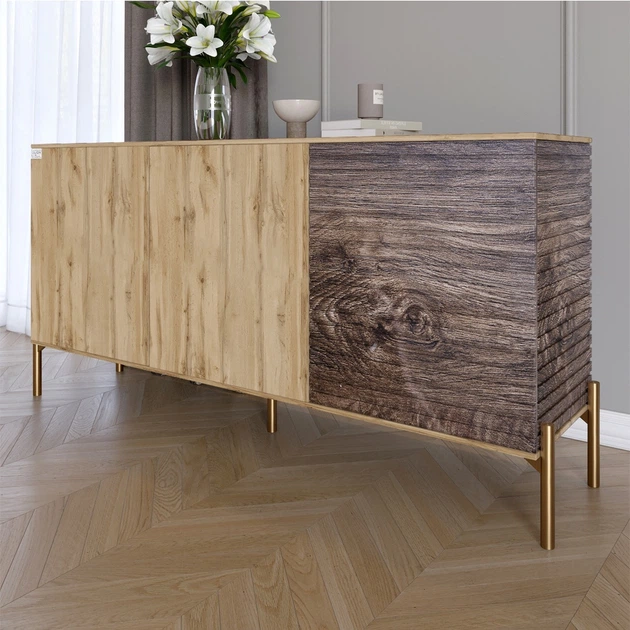 Комод закритий у вітальню на золотих металевих ніжках LION Грей 154x38x76,5 см Дуб Артизан/Дерево (LION-041839)
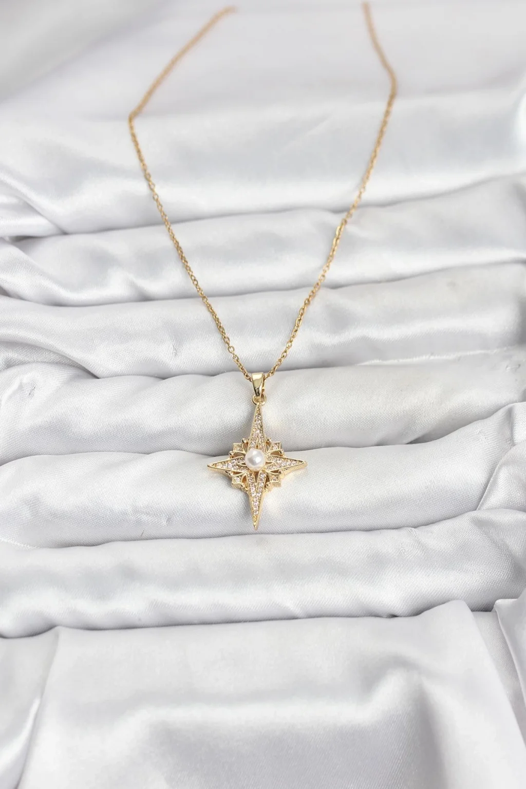 BUĞZ 316L Çelik Zincir Gold Renk Kutup Yıldızı Model Zirkon Taşlı Kadın Kolye
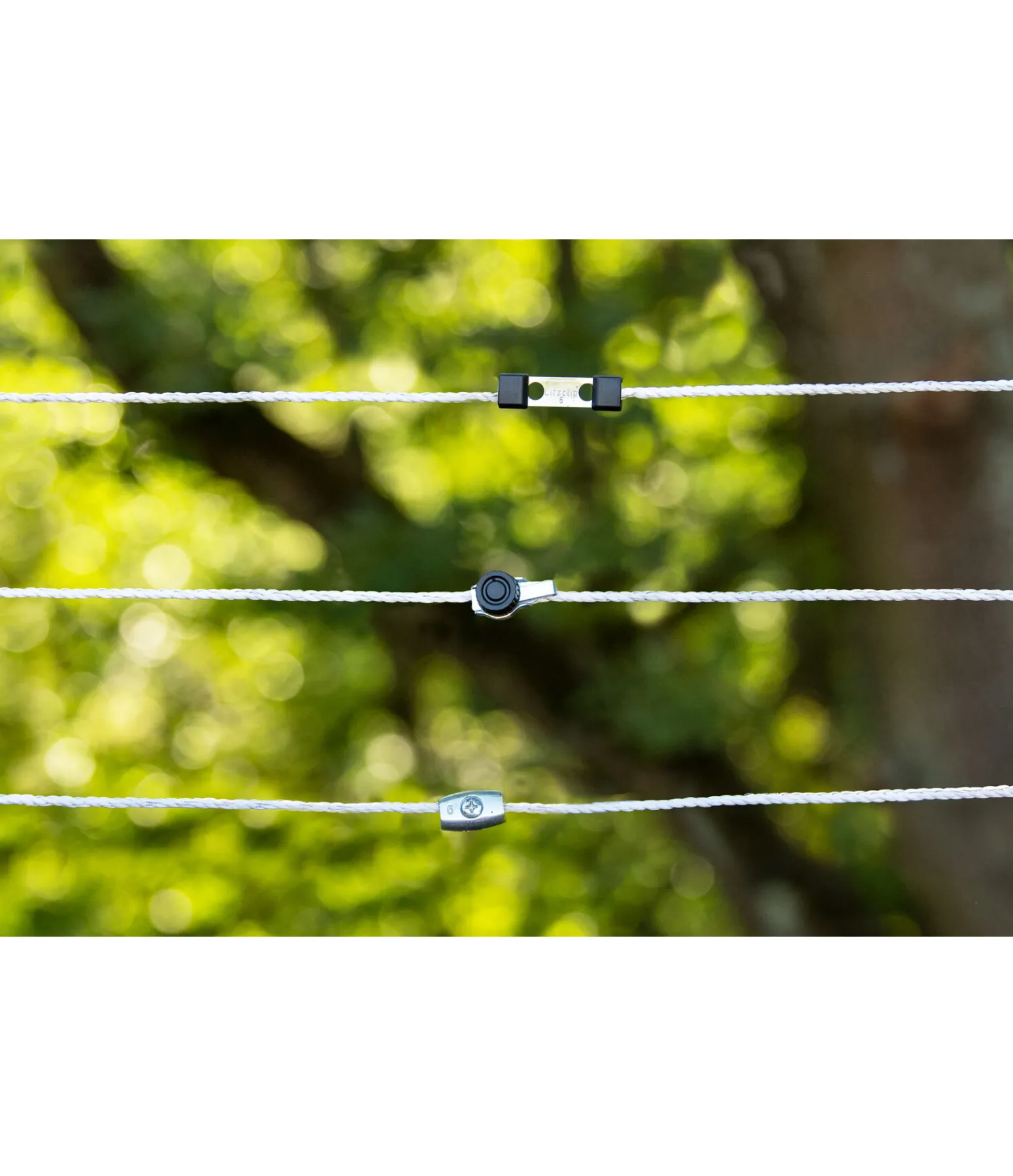 Pour une connexion rapide, aisée et efficace de cordons, cordelettes et rubans jusqu’à 10 mm, sur des isolateurs et des poignées de portail. Zingués. Vendus par lot de 4.
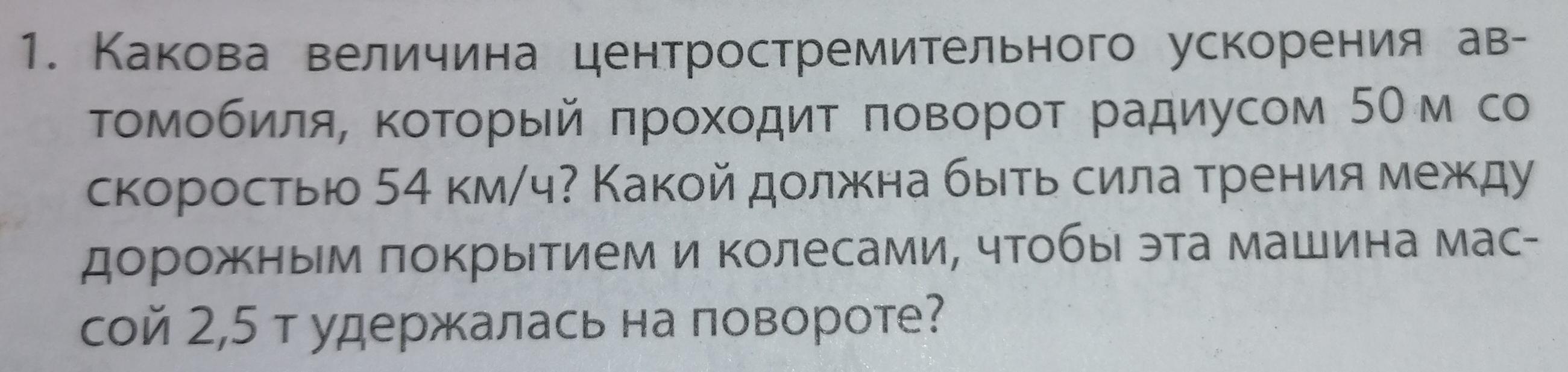 Дано R=50 м V=54 км/ч=15 м/с m=2500 кг а - ? Fтр - ?

______

Task requirements: Copy the data character for character, but drop all pictures from the copy.

Response to this exercise:
 Комод закритий у вітальню на золотих металевих ніжках LION Грей 154x38x76,5 см Дуб Артизан/Дерево (LION-041839)
 BUĞZ 316L Çelik Zincir Gold Renk Kutup Yıldızı Model Zirkon Taşlı Kadın Kolye
 Pour une connexion rapide, aisée et efficace de cordons, cordelettes et rubans jusqu’à 10 mm, sur des isolateurs et des poignées de portail. Zingués. Vendus par lot de 4.
 Дано R=50 м V=54 км/ч=15 м/с m=2500 кг а - ? Fтр - ?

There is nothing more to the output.